Advisory Panel
The Setup
I’m a solo operator running multiple things — a personal brand, a bakery, teaching, a book, client work when it makes sense. Every decision has tradeoffs. Should I raise my session price? Is this new idea a distraction or an opportunity? Should I build this app or finish the book first?
I don’t have a board of directors. I don’t have a business partner.

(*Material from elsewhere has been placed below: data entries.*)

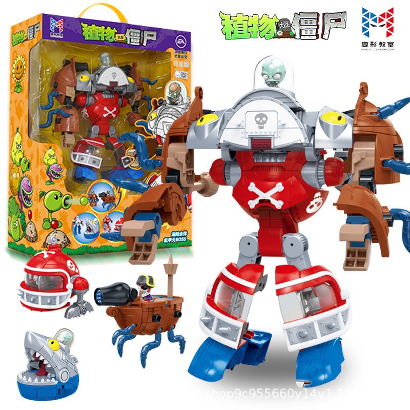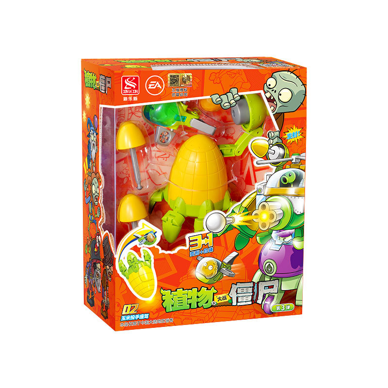 새로운 식물 대 좀비 원격 발사 전사 옥수수 대포 세트 변신 로봇 소년 선물스토어 가기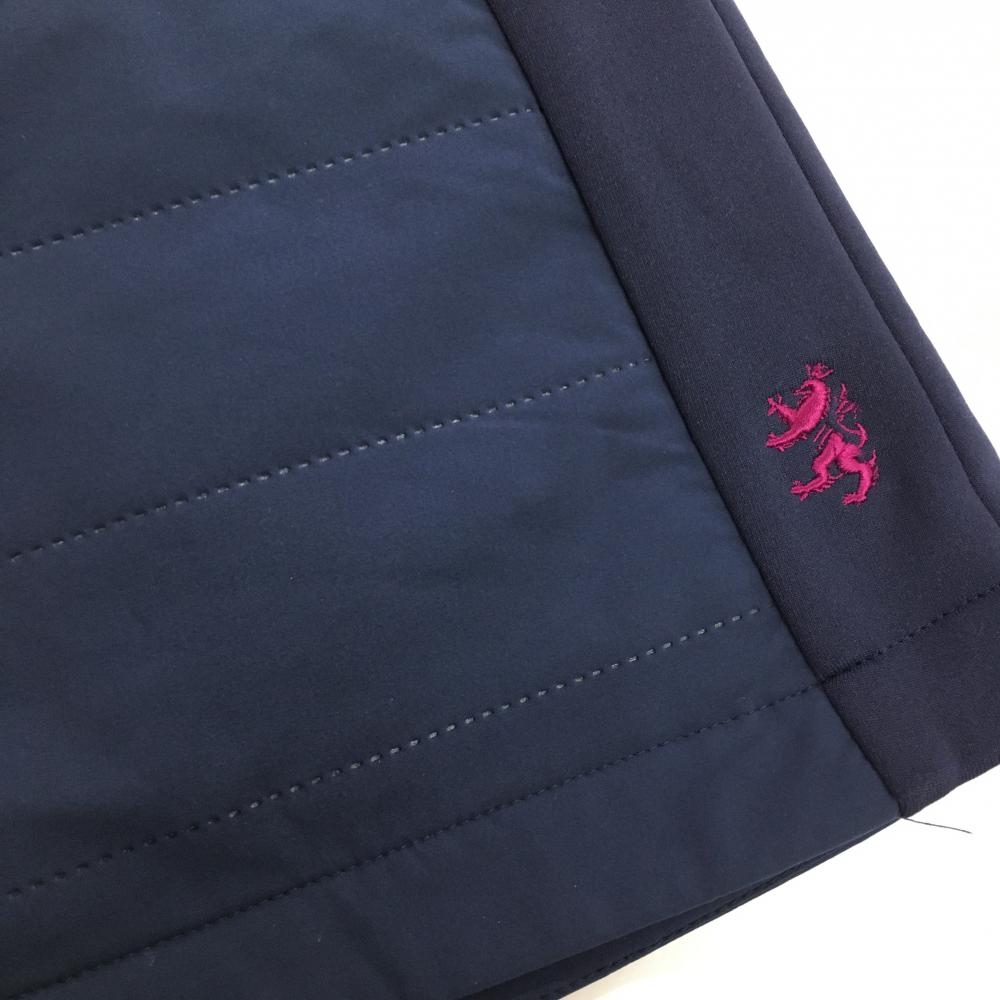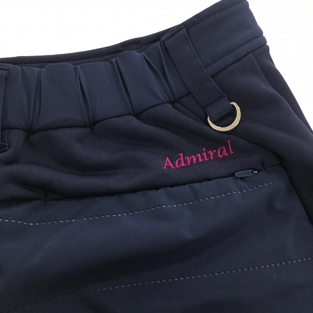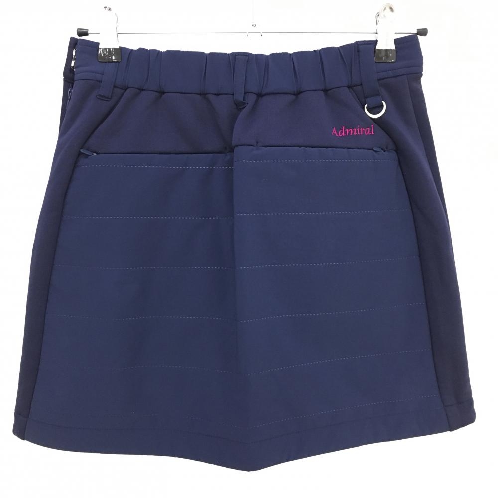 【超美品】アドミラル 中綿スカート ネイビー×ピンク ロゴ刺しゅう 異素材切替 ファスナーポケット レディース M ゴルフウェア Admiral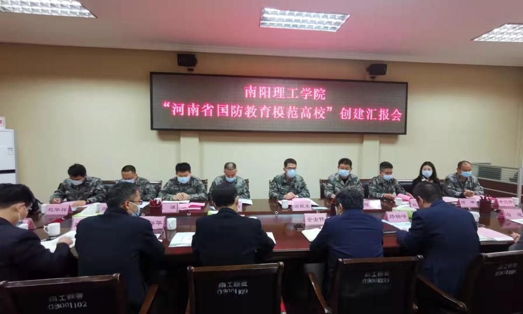 本网讯(特约记者/王吉春)11月5日,南阳军分区到我校考核“河南省国防教育模范高校”创建工作。南阳军分区政治委员谢振东、政治工作处主任何名享,宛城区区常委、人民武装部政委杨小炳,宛城区人民武装部部长赵耕,校长安士伟,校党委副书记、工会主席张伟及南阳市教育局、镇平县人民武装部等考评领导小组成员出席汇报会,我校相关部门负责同志及部分教学院书记参加。汇报会由学生工作部、人民武装部部长路瑞峰主持。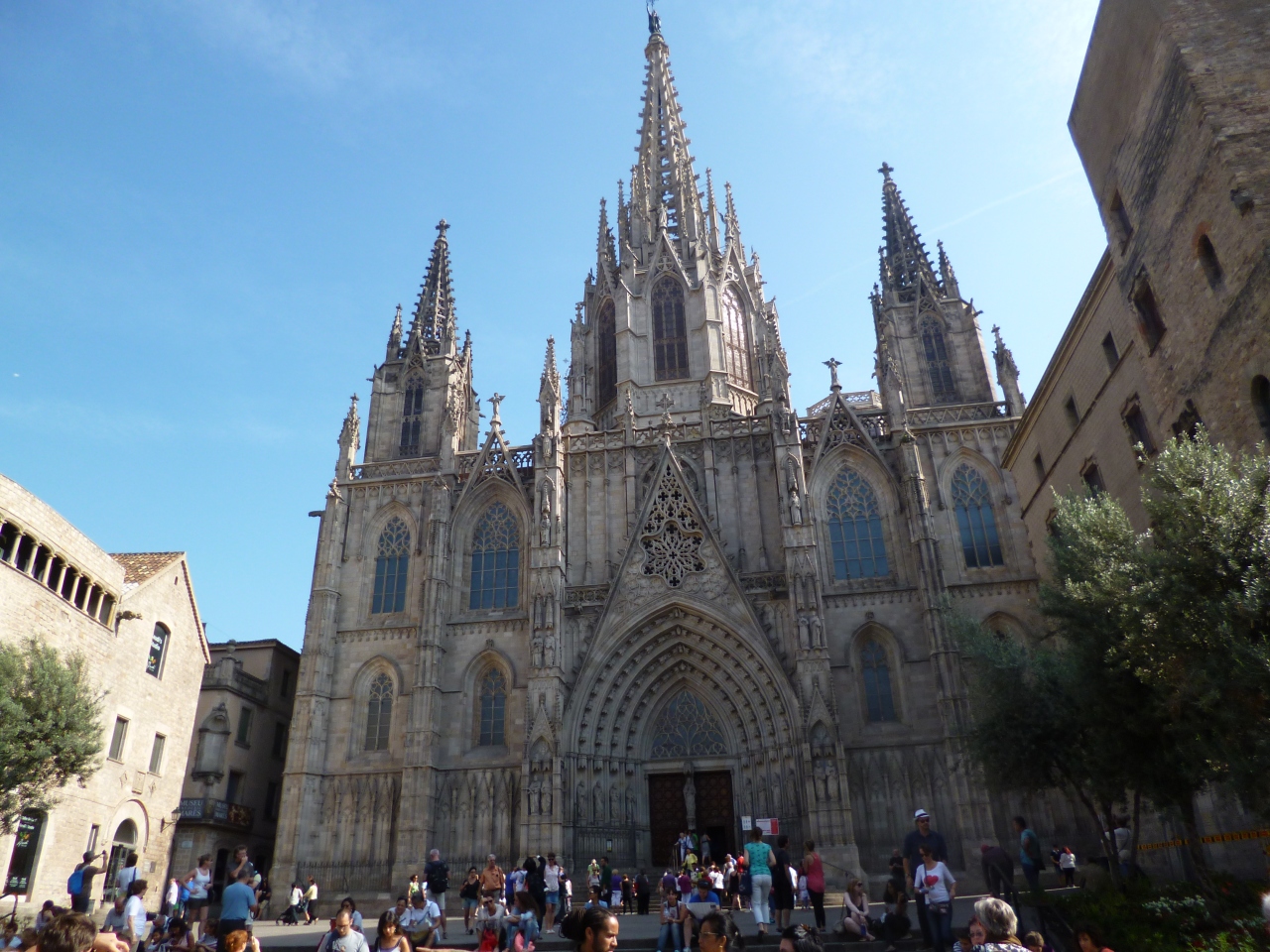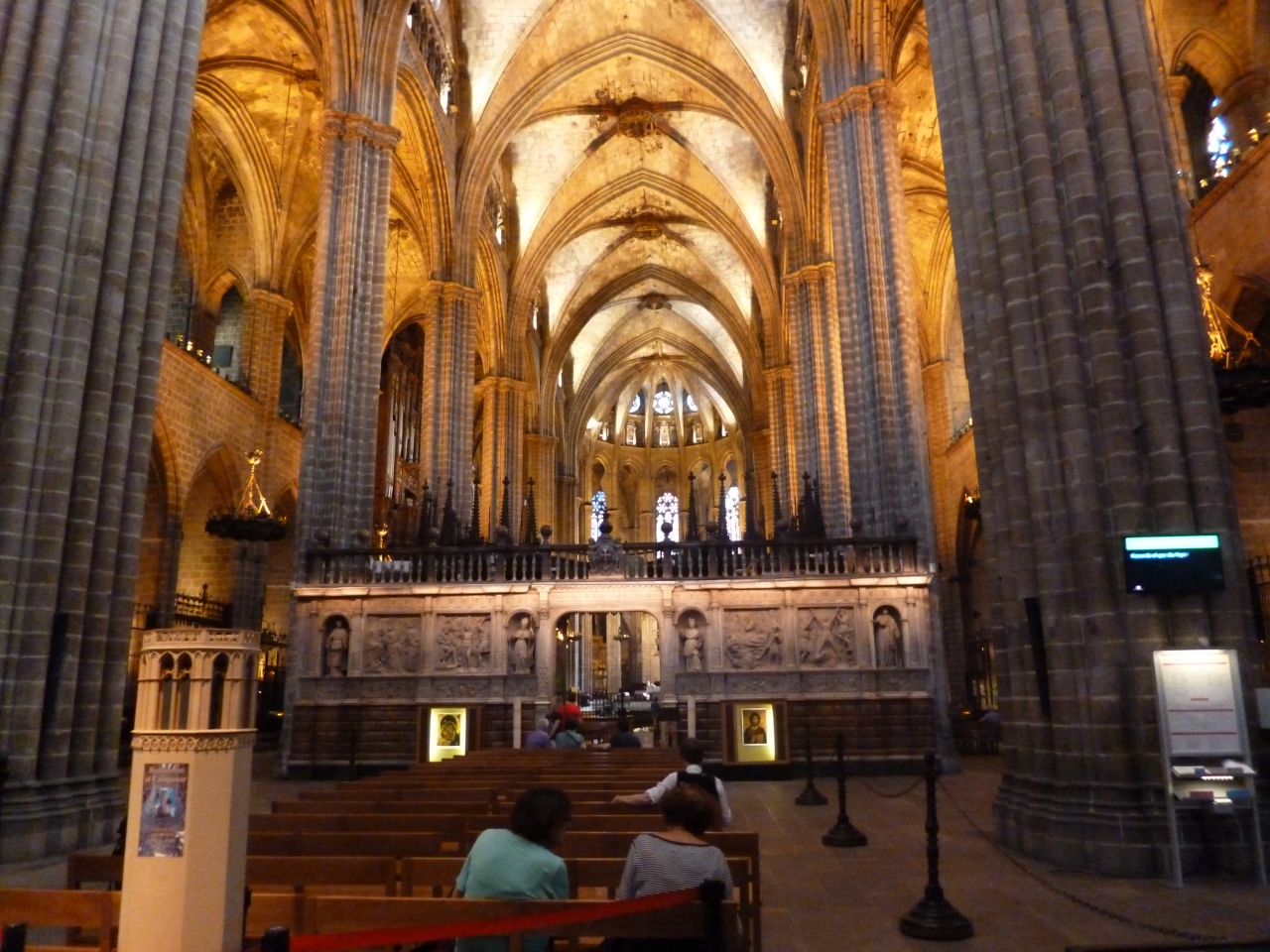 正面はゴシックの王道をいく姿、内部もどっしりとした、贅をつくしたものです。サイドチャペルのひとつひとつが立派ですし、主祭壇が半地下になっている構造も面白い。バルセロナは昔から栄えた町でしたから、これだけの教会が造れたのですね。

I have a coach (Gianna, she’s great) but she’s not available at 9pm when I’m spiraling about whether to launch a workshop or finish a chapter.
What I wanted: a way to get multiple expert perspectives on any business question, instantly, without scheduling calls or paying for five different consultants.
The Build
I built a Claude Cowork skill — a structured prompt architecture that simulates a 25-person advisory panel. Each “expert” has a defined role, a perspective, and a communication style. There’s a pricing strategist, a brand advisor, a content strategist, a financial planner, a community builder, and twenty more.

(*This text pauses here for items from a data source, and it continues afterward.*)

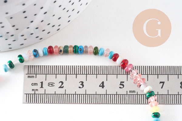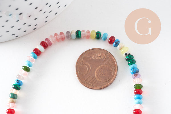 Una hermosa tira de cuentas rondelle, elaborada con una mezcla aleatoria de piedras naturales y sintéticas, teñidas y sin teñir . Cada tira es única y puede contener piedras como: aventurina verde, cuarzo rosa, amatista, fluorita, citrino, ágata, jade, ojo de tigre, jaspe, turquesa sintética, opalita y muchas más.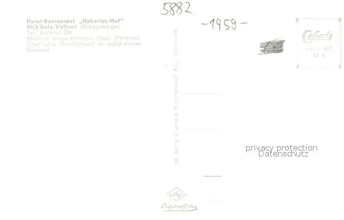 Valbert Hotel-Restaurant Hubertus Hof Innen und Aussen Valbert postalisch nicht gelaufen 1959 Erhaltung siehe scans [LiesaD40] LiesID40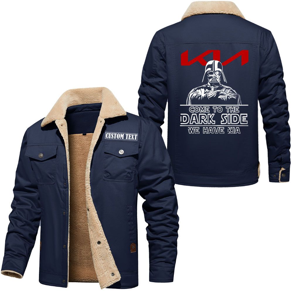 Kia Logo Custom Name Cargo Fleece Lined Cotton Jacket Personalized Outerwear with Dark Side Star Wars Design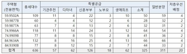 - 세대수 : 총 5개동, 636세대 (59㎡A 109세대, 59㎡B 60세대, 59㎡C 63세대, 74㎡A 118세대, 74㎡B 77세대, 84㎡A 132세대, 84㎡B 77세대)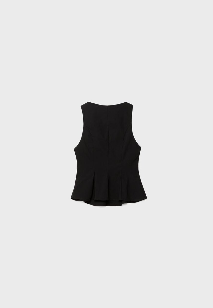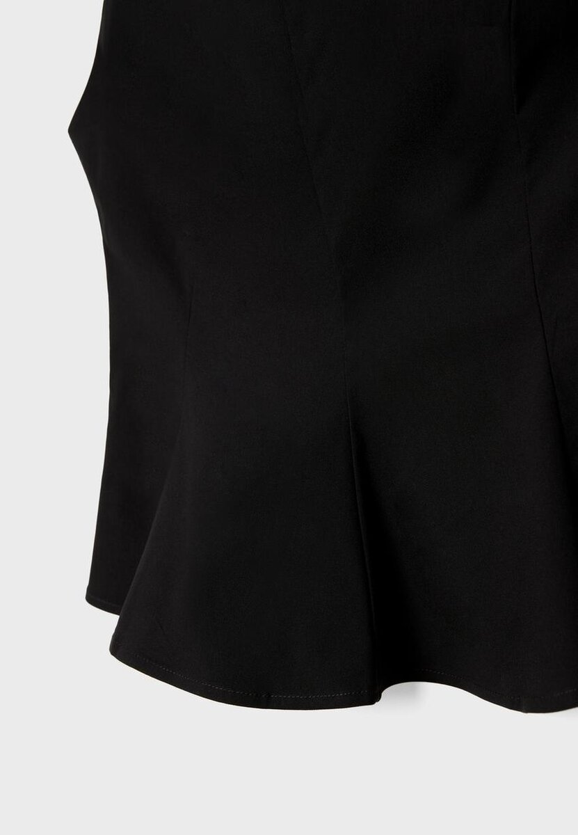 Přiléhavý top z pevné strečové tkaniny. Má kulatý výstřih a je bez rukávů. Se staženým pasem a volným volánkovým lemem. Skrytý boční zip.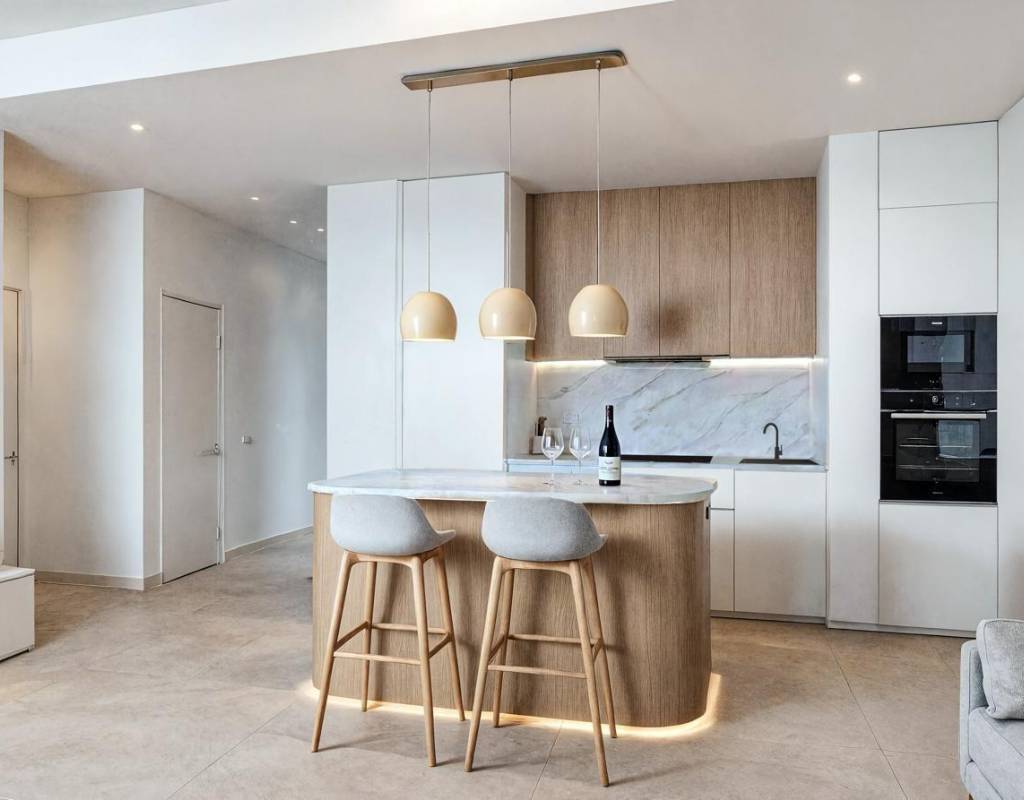 Los interiores están diseñados con zonas de estar diáfanas, que combinan la cocina, el comedor y el salón para maximizar la luz natural y crear una fluidez perfecta en toda la vivienda.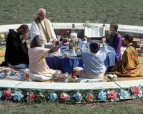 Swami Satchidananda was considered one of the main early advocates of the interfaith movement in America.[22] His interest in interfaith understanding dates back to the early 1950s, when Divine Life Society members were preparing for Guru Poornima Day, an annual celebration honoring the divine qualities in one's spiritual teacher. Usually each lineage has a celebration, honoring only its Guru. Satchidananda suggested that the focus be on Swami Sivananda and other spiritual masters too, including those of other faiths. That tradition continues today in all Integral Yoga centers.[23]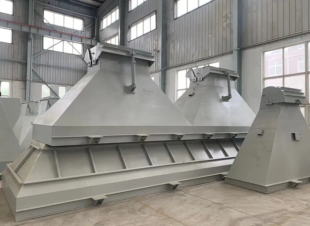 After the filter press completes filtration, the filter cake can be discharged into the accompanying sludge storage hopper for centralized transport. The size of the sludge hopper can be customized according to the model of the filter press and customer requirements, with two types of opening methods: electric and pneumatic.

The skill loads my full business context — my dossier files, revenue model, current projects, decision filters, and what I’m focused on this quarter. When I ask a question, the panel debates it. They disagree with each other. They surface tradeoffs I didn’t see. They reference my actual numbers and constraints, not generic advice.
It’s not a chatbot pretending to be smart. It’s a structured decision-making framework that happens to run inside an AI tool.
The Mess
The first version was too agreeable. Every “expert” basically said the same thing with different words. That’s useless. A good advisory board has tension — the financial person pushes back on the creative person, the brand advisor disagrees with the growth hacker.
Getting the personas to genuinely conflict took work. I had to define not just their expertise but their biases, their blind spots, and what they’d fight about. The pricing strategist needs to care about margins more than the community builder cares about accessibility. The brand advisor needs to say “that’s off-brand” even when the growth person says “but it’ll convert.”
The other mess: context loading. An advisory panel that doesn’t know your business is just a fancy opinion generator. Getting the skill to reliably pull in the right dossier files, the right revenue numbers, the right current priorities — that took iteration. The panel needed to know that I’m parked on client work, focused on the book, and running a bakery simultaneously. Without that context, the advice was generic.
The Result
I use this weekly. Sometimes daily. I run decisions through it before I commit — new service pricing, whether to pursue a lead, how to structure a workshop, which project to prioritize next quarter.
The panel has caught me chasing shiny objects multiple times. It’s flagged pricing that’s too low. It’s talked me out of building apps when I should be finishing my book. It’s given me permission to say no to things that don’t serve my current goals.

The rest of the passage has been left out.